# How To Make Dim Sum Dough



## longfellow (Jun 11, 2008)

does anyone know how to make Dim Sum dough.found a few recipes on the net but didn't work out.
thanks


----------



## kuan (Jun 11, 2001)

There are different kinds of dough. What kind of dim sum are you looking to make?


----------



## longfellow (Jun 11, 2008)

The white dough and clear white dough


----------



## kuan (Jun 11, 2001)

The transparent dough is made with primarily wheat starch and some cornstarch, boiling water, and shortening.

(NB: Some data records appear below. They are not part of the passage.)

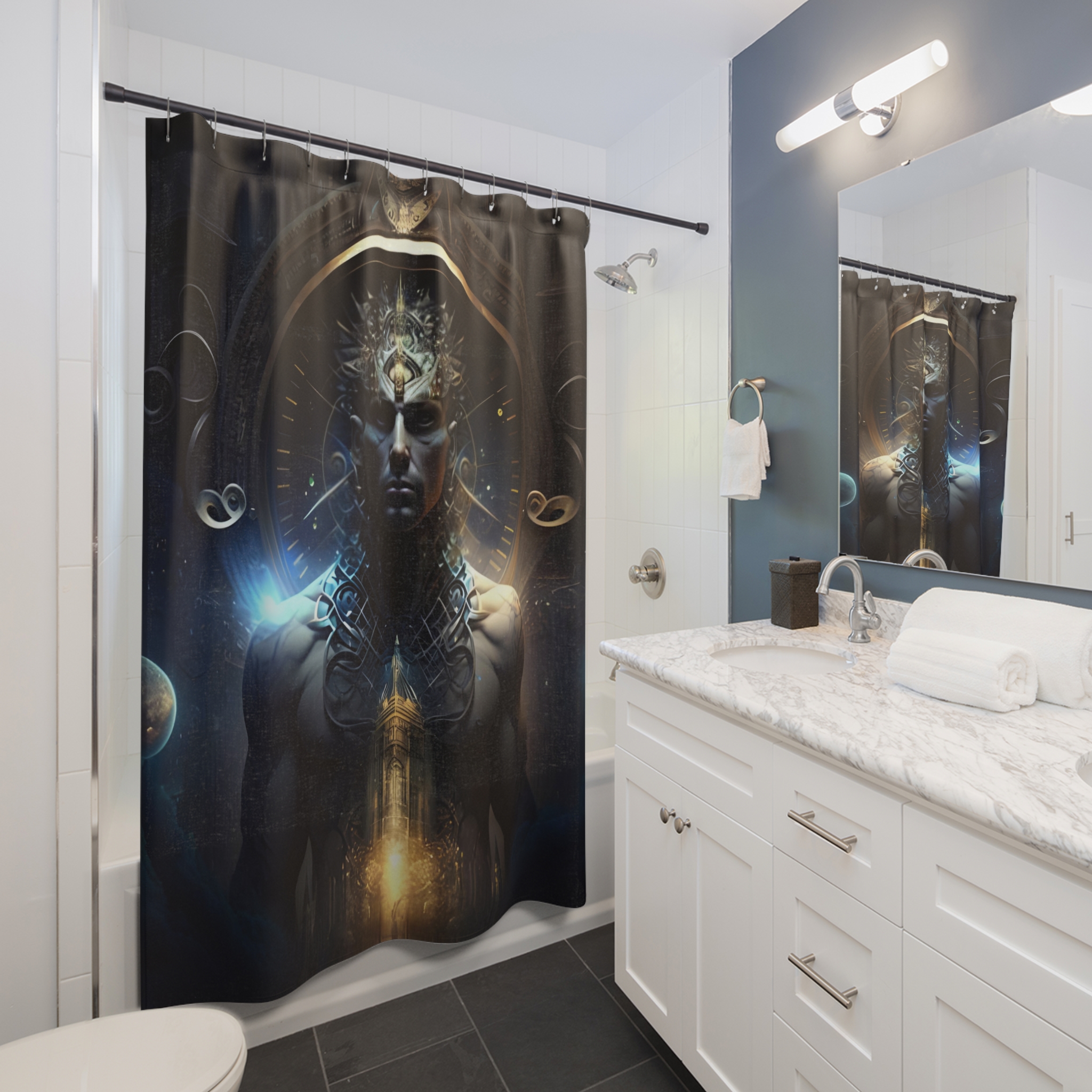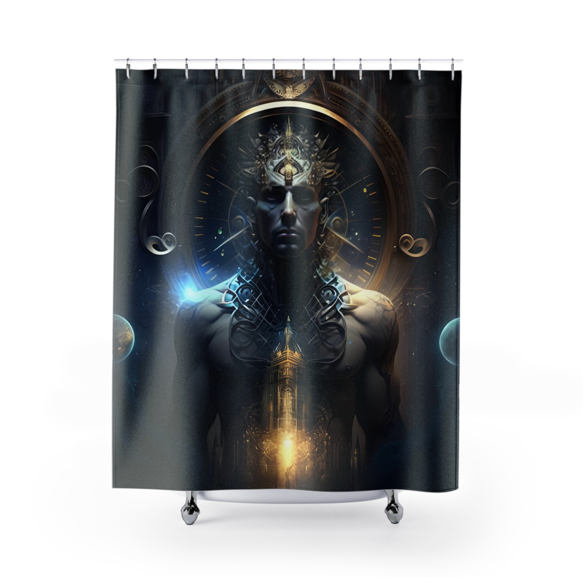 Created by and in the premortal image of Sir Ricksalot This shower curtain is here to add an original touch to any bathroom with your designs. Made with highly durable polyester, this curtain stays like new for a long time to come and is a perfect printing area for your art. NB! Please note that while polyester offers adequate protection against water, a liner might be necessary for full waterproofness. .: 100% Polyester .: One-sided print .: Hooks not included .: Note: Pre-constructed item. Size variance +/- 2″
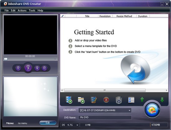 Joboshare DVD Creator - профессиональная программа для создания и записи DVD из видео файлов форматов AVI, MPEG, DAT, MPG, WMV, ASF, MP4, 3GP, VOB с возможностью редактирования и создания меню. Позволяет определить NTSC или PAL, настроить соотношение видео 4:3 или 16:9, записывать ISO файлы и папки DVD с фильмом. Поддерживает множество форматов DVD, включая DVD-R, DVD+R, DVD-RW, DVD+RW, DVD-5, и DVD-9. Имеет простой и удобный интерфейс.
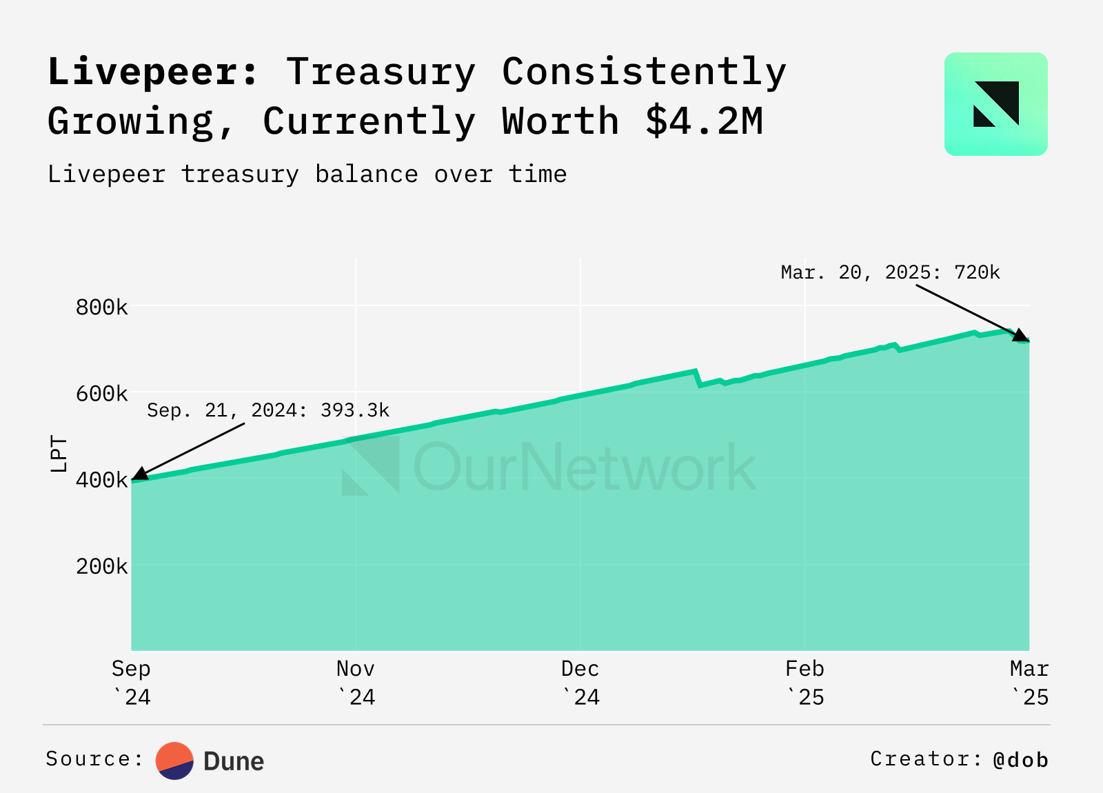 - The treasury's LPT balance has been growing steadily in the last three months while funding different proposals and Special Purpose Entities. On Dec. 14, it hit an all-time high accumulating 740,388 LPT tokens, enabling Livepeer to increase future public goods fundings to further the network’s expansion.
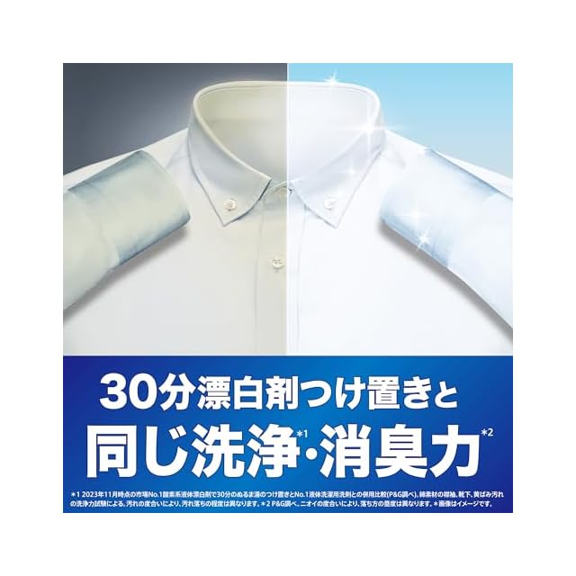 30分漂白剤つけ置きと同じ洗浄・消臭力*(*2023年11月時点の市場No.1酸素系液体漂白剤で30分のぬるま湯のつけ置きとNo.1液体洗濯用洗剤との併用比較(P&G調べ)。綿素材の襟袖、靴下、黄ばみ汚れの洗浄力試験による。汚れの度合いにより、汚れ落ちの程度は異なります。
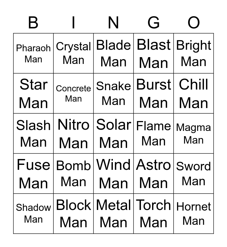 This bingo card has 25 words: Bomb Man, Metal Man, Snake Man, Shadow Man, Bright Man, Pharaoh Man, Star Man, Crystal Man, Flame Man, Wind Man, Burst Man, Slash Man, Astro Man, Sword Man, Concrete Man, Hornet Man, Magma Man, Blade Man, Chill Man, Nitro Man, Solar Man, Block Man, Fuse Man, Blast Man and Torch Man.
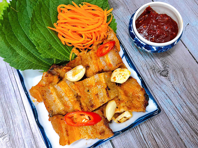 Thịt nướng thơm nức, ăn kèm tương đỏ, lá mè, xà lách, dưa chuột, chẳng khác nào thưởng thức ở nhà hàng Hàn Quốc.
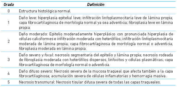 Novotny et al. evaluan stents bioabsorbibles de polidioxanona empleando un modelo animal de tráquea de conejo, buscando evaluar su biocompatibilidad y seguridad. Los autores no reportan muertes y los animales permanecieron en buenas condiciones durante todo el seguimiento. El análisis macroscópico muestra que la luz del stent permanece siempre abierta y el análisis histológico revela un mayor daño después de las cinco semanas del implante. Según el sistema de clasificación para las lesiones de tejido traqueal (cuadro 1), los autores encuentran un daño leve equivalente a 1 en la escala de 0 a 5 16.
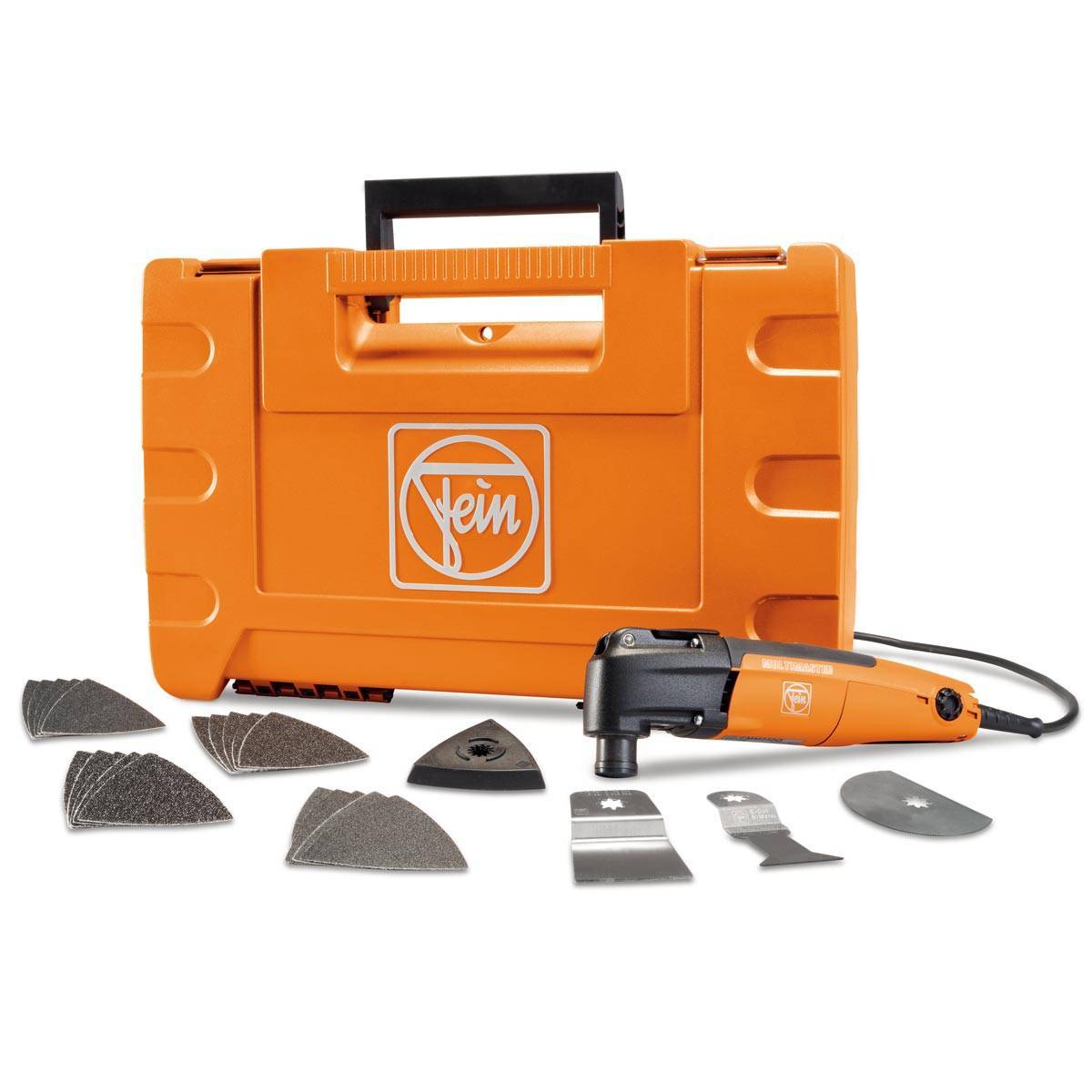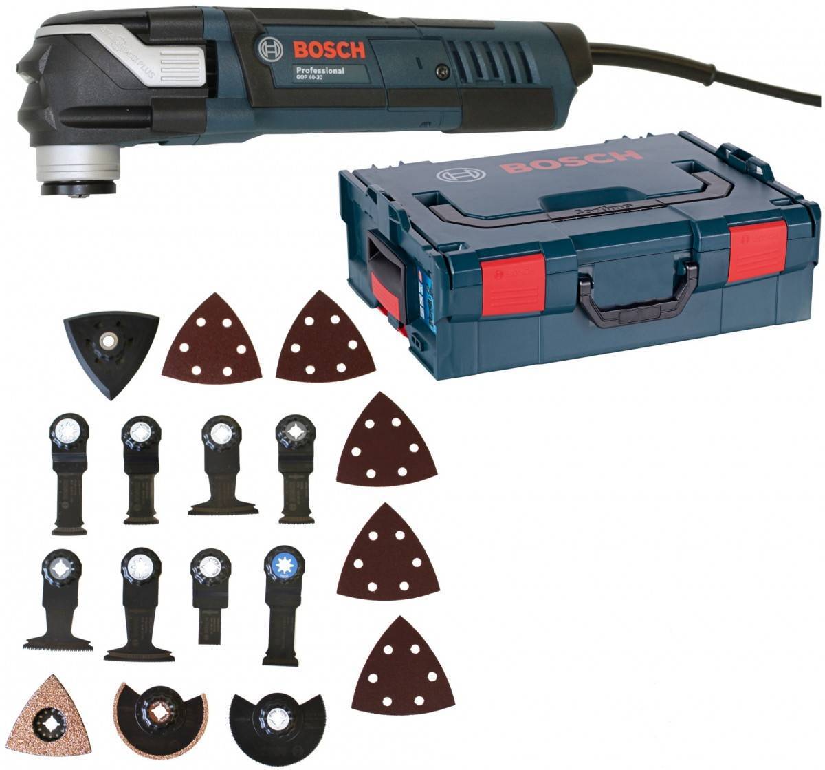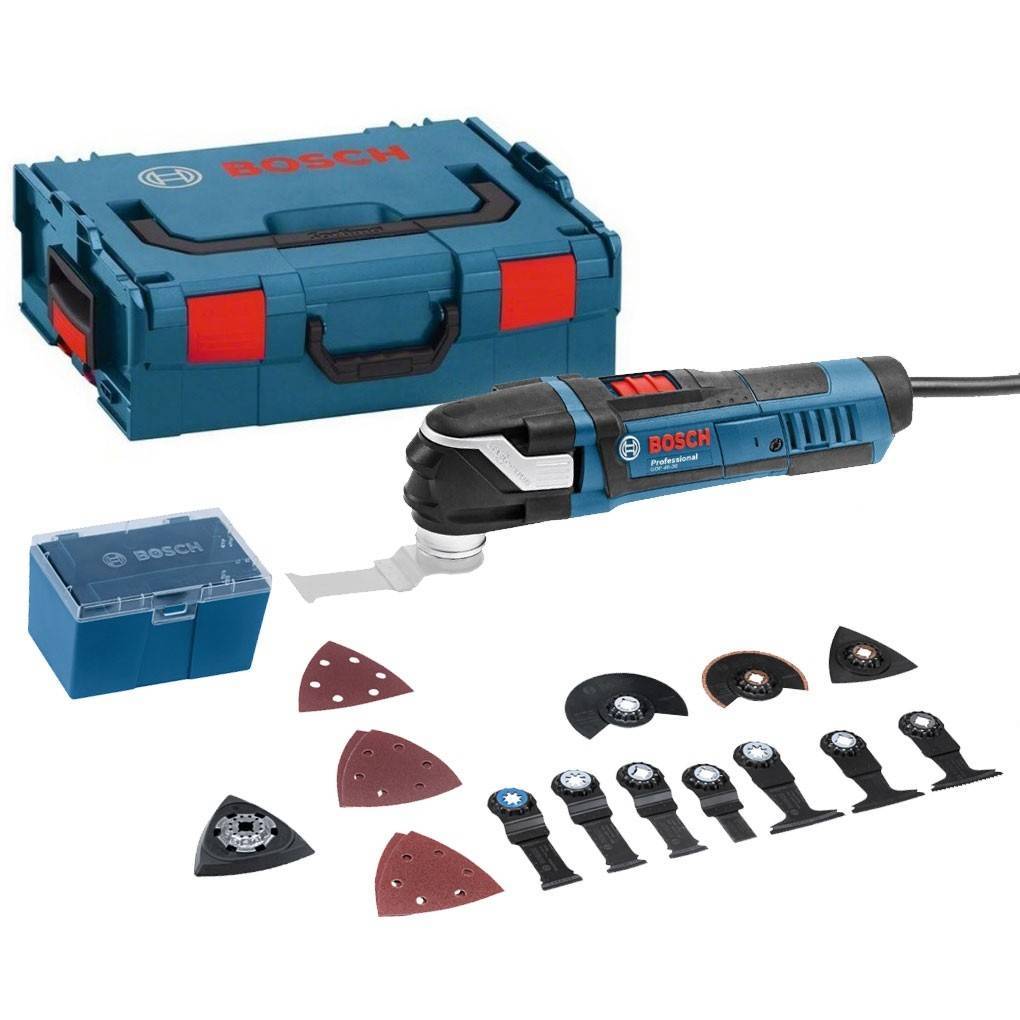 | Комплектация | 2 сегментированных (пильное и зачистное) полотна. 3 погружных полотна. Шабер. Дельтовидная подошва для «Велкро» шлифшкурок. Комплект шкурок. 4-х ступенчатый ограничитель глубины пропила (8-14 мм). Крепежный винт с шайбой. Шестигранный ключ. Пластиковый чемодан. |

There are a lot of different white doughs.


----------



## longfellow (Jun 11, 2008)

THanks for info
I am trying to learn asian cuisine and having differculty with the doughs.What other doughs should I learn to make.


----------



## benrias (May 2, 2003)

I seem to remember that Ming Tsai had a pretty decent hargow/harghou skin recipe. Look him up, but I seem to remember that it was pretty simple like wheat starch and water? maybe rice flour and water? Good luck!


----------



## kuan (Jun 11, 2001)

Potsticker dough, bao dough. Those will get you a long ways. Then make fresh flat rice noodles. Those are pretty basic but impressive.


----------



## longfellow (Jun 11, 2008)

Thanks kuan i give them a try. having differcult time finding wheat starch tho but i keep looking.quick question what is your fav cuisine of the oreint? and why.


----------



## benrias (May 2, 2003)

Check your local asian grocery store (if there is one near you). They will have the right ingredients. If there is only an asian convenience store nearby, they might not have the ingreds. but the average grocery store probably won't have the right stuff.


----------



## cem2323 (Jan 26, 2010)

Hello, i am involved in food import business and currently imported 2 different kinds of flours:
- rice flour
- gutinious rice flour
- tapioca flour
I would like to know what kinds of dim sums can be prepared using these or where else these can be used in Chinese cuisine? Many thanks


----------